O egocentrismo de Eric o colocou em uma posição tão distante da realidade, que ele sequer percebe detalhes do mundo á sua volta, a irrelevância que ele dá para aqueles que o cercam o distancia ainda mais do restando mundo. Numa determinada passagem ele aparenta se surpreender ao ver a esposa fumando, ela então o conta que fuma desde os quinze anos, provavelmente ele que nunca tinha dado conta disso. O sexo casual com outras mulheres, com quem ele se relaciona profissionalmente, é desprovido de qualquer sentimento ou afeto, é tão somente a satisfação de uma necessidade. Em um diálogo ele pondera: "somos pessoas no mundo, temos que comer e conversar". Ao chegar a tal conclusão, ele coloca a necessidade que temos de nos relacionarmos com outras pessoas no mesmo patamar da necessidade de nos alimentarmos, como se a primeira fosse tão somente uma necessidade fisiológica como é a segunda; nisto vemos a importância que ela dá para as relações...


De certa forma a limusine, dentro da qual o personagem se esconde do mundo, é similar às nossas salas de estar, onde nos sentimos seguros e de onde contemplamos o mundo pela tela da TV. Tal como ele, nos sentimos testemunhas de tudo o que acontece do lado de fora de nossa fortaleza, no entanto não somos participantes, apenas expectadores.

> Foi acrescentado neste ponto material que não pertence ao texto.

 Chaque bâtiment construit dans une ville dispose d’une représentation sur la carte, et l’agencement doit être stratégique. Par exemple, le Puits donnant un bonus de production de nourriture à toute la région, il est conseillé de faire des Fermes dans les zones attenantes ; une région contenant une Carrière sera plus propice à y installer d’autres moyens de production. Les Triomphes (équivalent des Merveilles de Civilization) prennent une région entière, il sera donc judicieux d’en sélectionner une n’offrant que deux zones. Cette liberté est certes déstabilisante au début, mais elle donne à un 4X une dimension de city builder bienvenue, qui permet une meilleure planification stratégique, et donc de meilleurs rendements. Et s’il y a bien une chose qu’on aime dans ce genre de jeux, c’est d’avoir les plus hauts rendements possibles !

Esta noção, ao mesmo tempo que nos isenta da culpa pelos males do mundo (afinal, acreditamos que não podemos ser culpados pela omissão), nos distancia de qualquer ação que possa ser potencialmente transformadora. Assim como Eric, somos despertados apenas quando sentimos que algo que nos é estranho pode nos ameaçar, no caso dele, isso acontece em um dado momento da trama, quando ele recebe um diagnóstico de que sua próstata é assimétrica, é uma afirmação sem significado algum, nem para ele, no entanto ela representa o máximo de risco a que ele acreditar estar exposto. 

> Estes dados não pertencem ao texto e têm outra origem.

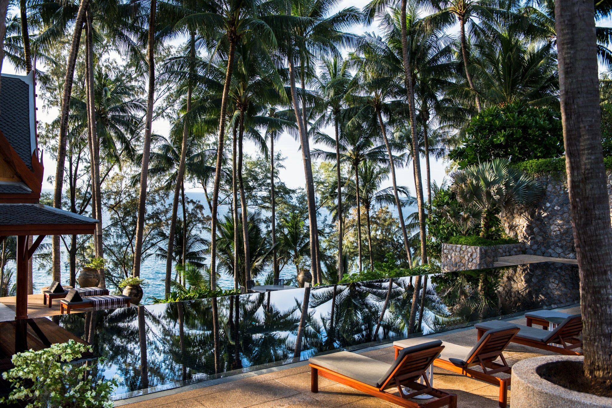 Amanpuri, the original Aman hotel, drips with classic Southeast Asian luxury. Contemporary pavilions are built on a hillside of coconut palms and come with private terraces and outdoor lounging salas. Villas feature Thai art and antiques, private pools, and two live-in staff. Along with yoga and meditation sessions, there’s an immense spa where you can explore everything from crystal healing sessions to facials with Aman’s own skincare line.

A ilusão de poder que move Eric que ele demora a assimilar a ameaça de falência, que passa o assombrar depois de uma aposta equivocada que ele faz na variação cambial da moeda chinesa. Seu comportamento é afetado, porém vagarosamente. Mesmo com seus ativos sendo reduzidos a pó, ele continua acreditando que está resguardado, a ameaça externa começa a lhe preocupar pouco a pouco, e a transformação que estão se desencadeia em seu mode de agir o leva da total confiança em si mesmo à perda de todos os seus estímulos numa questão de oras, o que nos remete à forma com que a crise do final da década passada afetou o mercado e os investidores. Cosmópolis, como eu havia dito, não aborda apenas a falência do modelo capitalista neoliberal, a decadência que ele retrata é a do homem pós-moderno, aquilo que vemos na tela é uma representação da nossa própria degradação como indivíduos e como sociedade. 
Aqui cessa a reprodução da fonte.